◆ **What to produce**:
Beginning with the line that holds "- Description de", copy each line exactly through the end of the entries, but leave the pictures out.

Source records
* * * * * * * * *

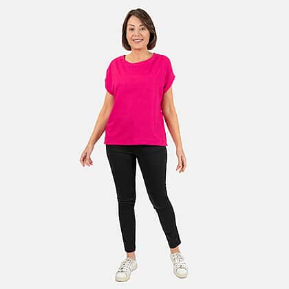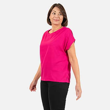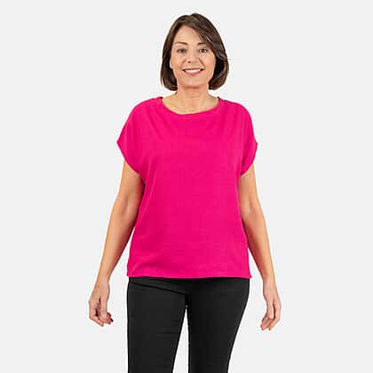 This lady's crew neck linen top is a versatile summer look. It has a semi-fitted shape, wide crew neck, grown-on sleeves and a back keyhole design finished with a button fastening. The side vents and loose fit keep you feeling comfy all day.
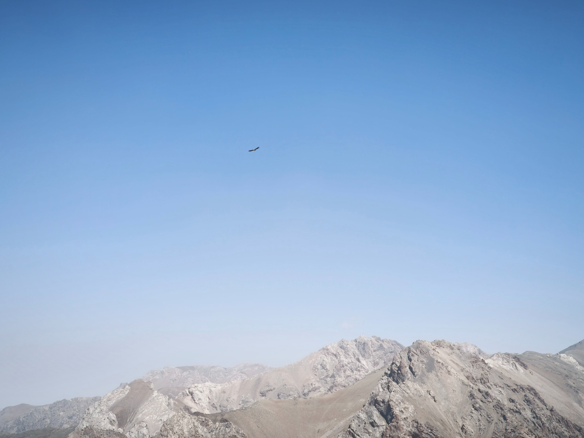 И если что - мы уже стоим на 3450, палатки на уровне 2650, и всё равно он над нами высоко... Сорри, приближение на телефон, но красавчик же! Порыскала - похоже на белоголового сипа (из стервятников)
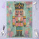 This playful nutcracker bursts with personality—decked in vibrant pinks, teals, and golds, with heart-shaped eyes and a bubblegum pop that steals the spotlight. A pink heart crowns the black hat, while snowflake-stamped pupils add a frosty wink of charm. The textured teal and pink background creates a snowy, whimsical atmosphere, perfect for holiday crafting, furniture art, or layered mixed media projects.
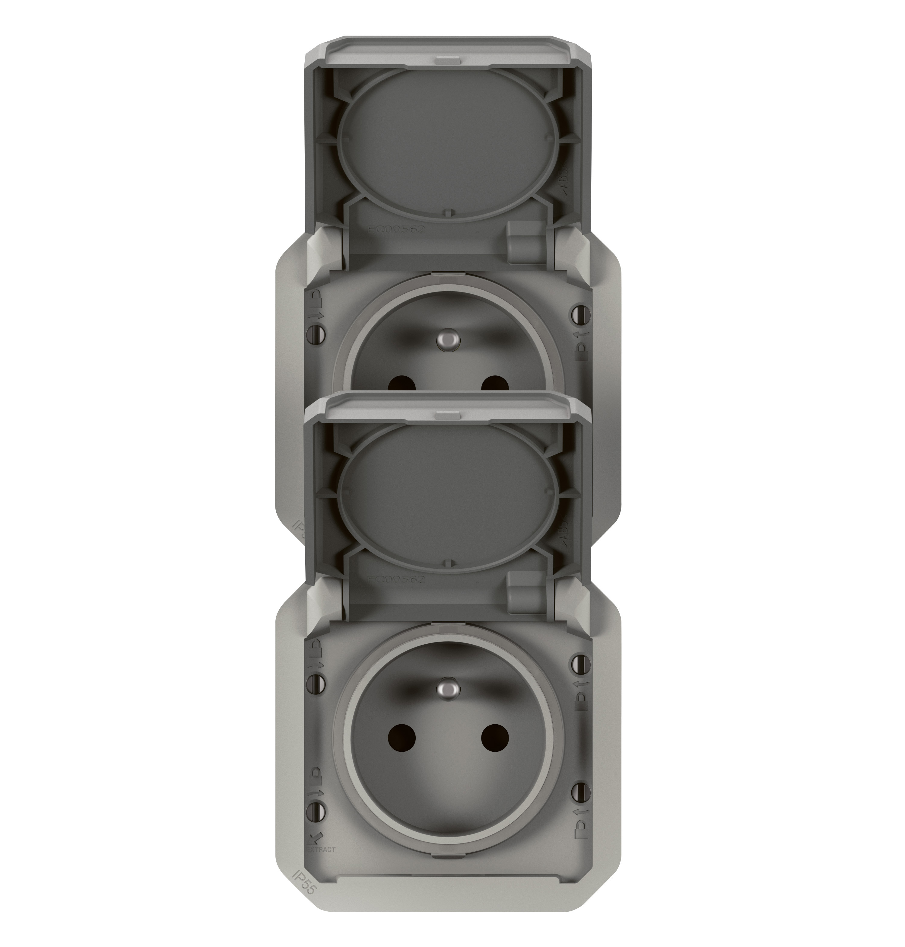 - Description de facturation Plexo prise 2x2P+T vertical mécanisme IP55 IK08 gris
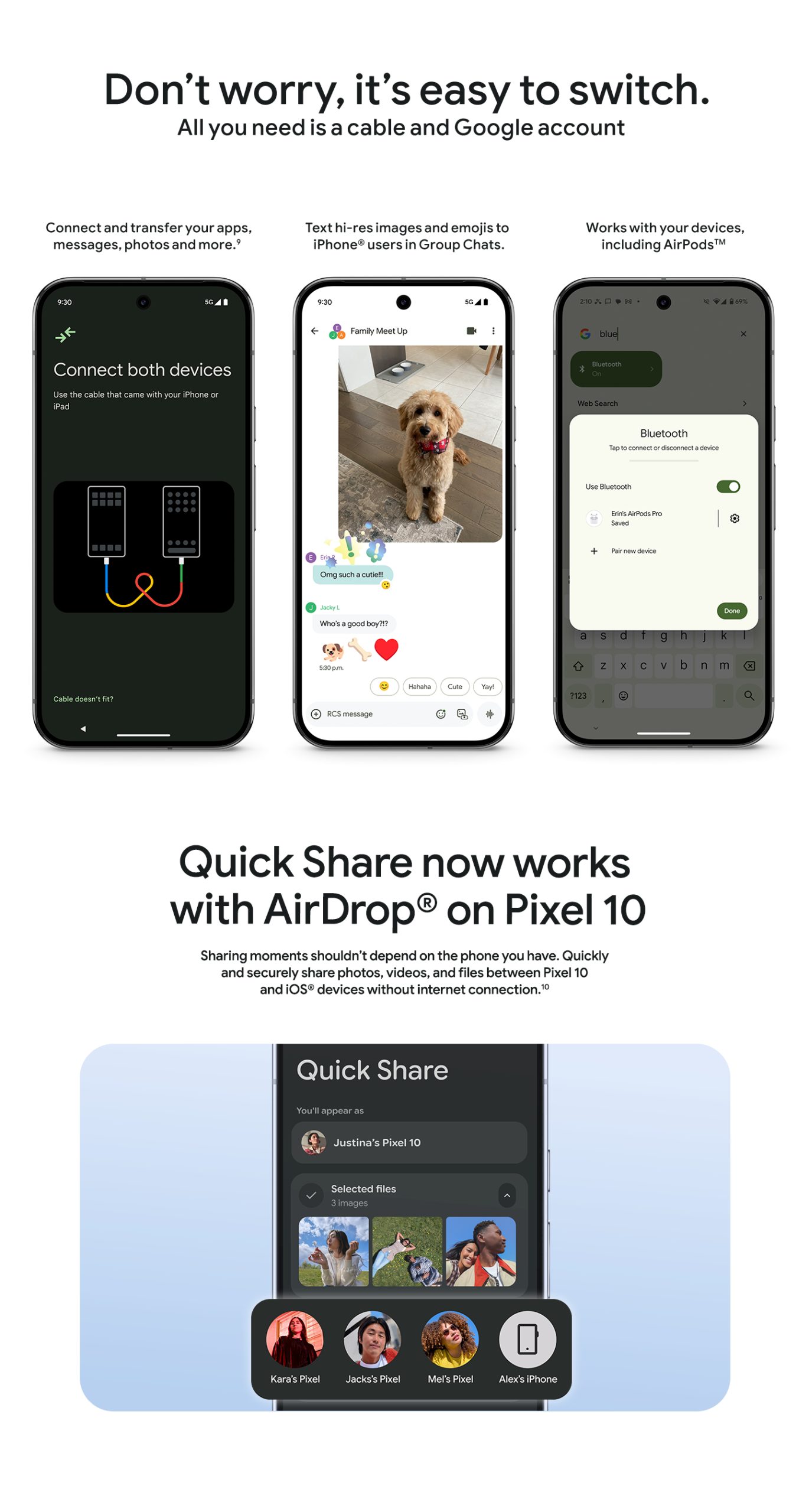 | Pixel 10a, 1 m USB-C® to USB-C® cable (USB 2.0), SIM tool |

* * * * * * * * *

◆ **Output of the exercise**:
 - Description de facturation Plexo prise 2x2P+T vertical mécanisme IP55 IK08 gris
 | Pixel 10a, 1 m USB-C® to USB-C® cable (USB 2.0), SIM tool |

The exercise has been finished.